La Jornada Semanal, 31 de mayo de 1998
El maestro Luis Villoro da una respuesta en este ensayo a la pregunta del platonismo: ``¿Qué vía habremos de escoger: seguir nuestro propio interés bajo la apariencia de la justicia o perseguir la justicia aun a costa de nuestro interés?'' Ilustran estas formidables reflexiones tres fotografías magistrales, dos de ellas ya mitificadas por el tiempo, la de Robert Capa y la de Bernie Benton, y otra en pleno proceso de mitificación, la de Pedro Valtierra.
Poder y valor se oponen y, sin embargo, se requieren mutuamente.

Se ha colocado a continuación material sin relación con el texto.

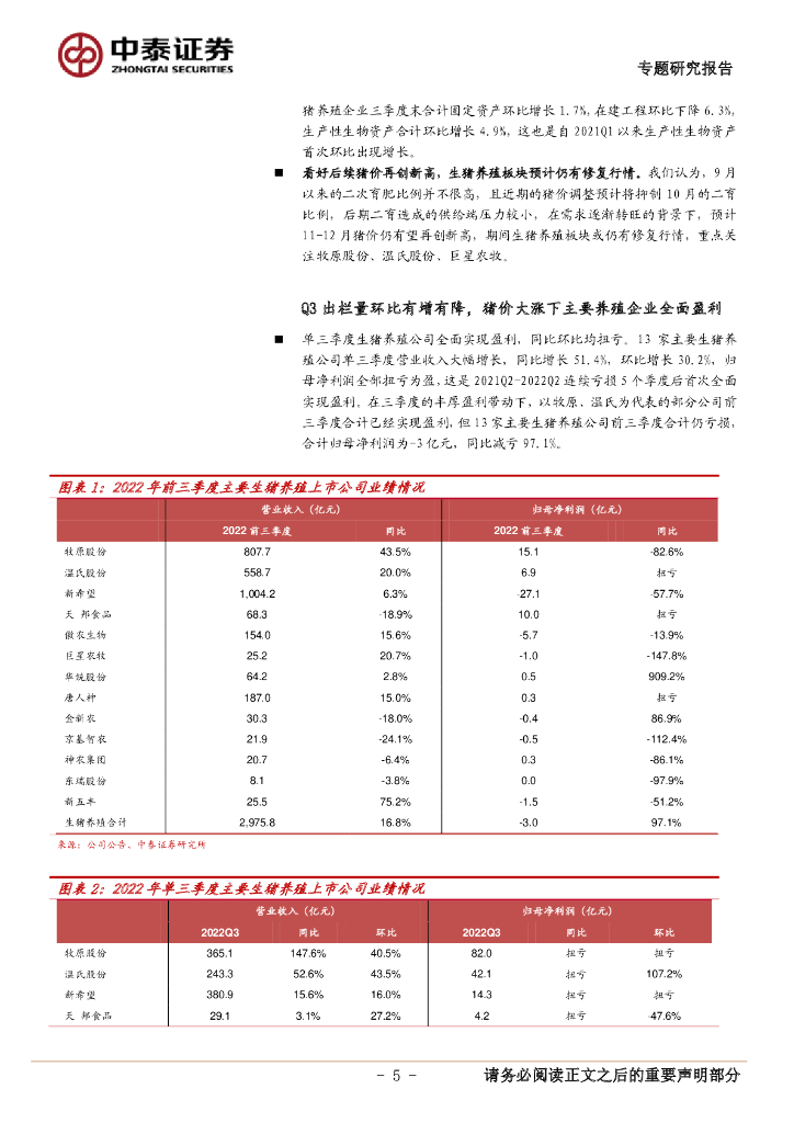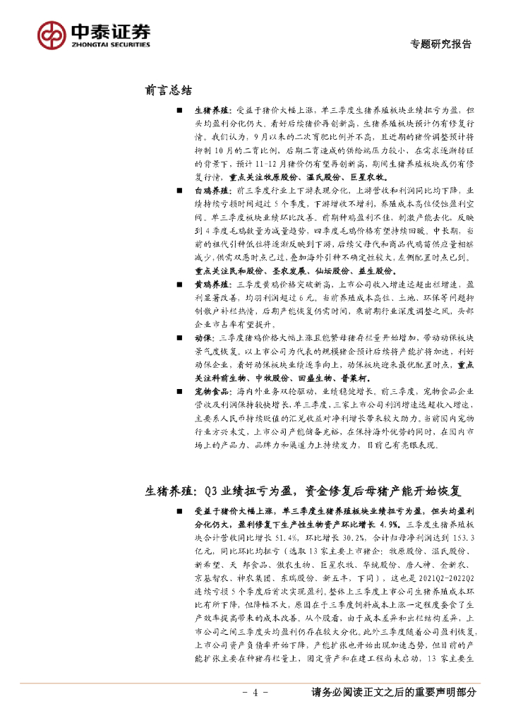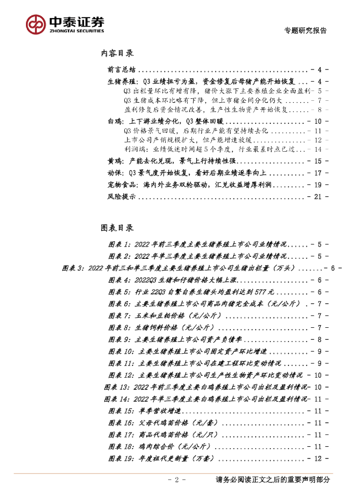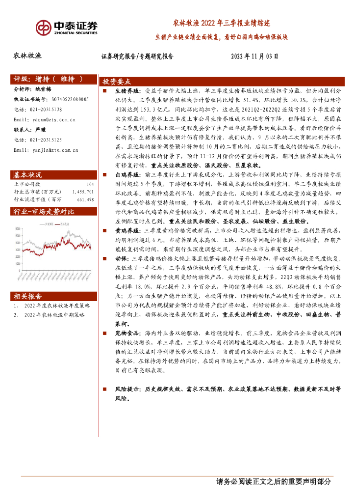 中泰证券:农林牧渔2022年三季报业绩综述:生猪产业链业绩全面恢复,看好白羽肉鸡和动保板块.pdf

Desde la República de Platón, da vueltas, una y otra vez, la misma pregunta, tal vez la más importante para la vida de la ciudad: ¿Qué vía habremos de escoger: seguir nuestro propio interés bajo la apariencia de la justicia o perseguir la justicia aun a costa de nuestro interés? Trasímaco secundado por Glaucón, sostiene, convincentes argumentos al apoyo, la primera tesis: de hecho, el fin que todos buscan en la vida política es lograr el poder y actuar sin cuidar de la justicia, bajo la apariencia de ser justos. Injusticia es seguir el interés del más fuerte y el más fuerte es quien ejerce el poder en beneficio propio. El bien común es, para él, sólo un medio de satisfacer sus deseos. Así son en realidad las cosas; el Estado es resultado de la voluntad de poder, lo demás es ilusión.
Sócrates, en cambio, ve en la justicia el fin de la república. Justicia es la realización del bien de todos, en ella los elementos diversos se armonizan. Quien quiere la justicia no puede actuar en su exclusivo interés, quien quiere la justicia no puede desear el poder para sí mismo. Si una ciudad estuviera gobernada por hombres de bien, ``maniobrarían para escapar del poder como ahora se maniobra para alcanzarlo''; pues ``el verdadero gobernante no está hecho para buscar su propio interés sino el del sujeto gobernado'' (República, 347d). Trasímaco y Sócrates presentan dos posiciones extremas. La búsqueda del propio poder y la del valor (la justicia) se oponen desde el principio. Pero el asunto no es tan simple: poder y valor también se requieren. La cuestión más importante, la ``que debe dictar la regla de nuestra vida'' (352 d), no ha sido resuelta. Recorrerá de nuevo toda la filosofía moderna.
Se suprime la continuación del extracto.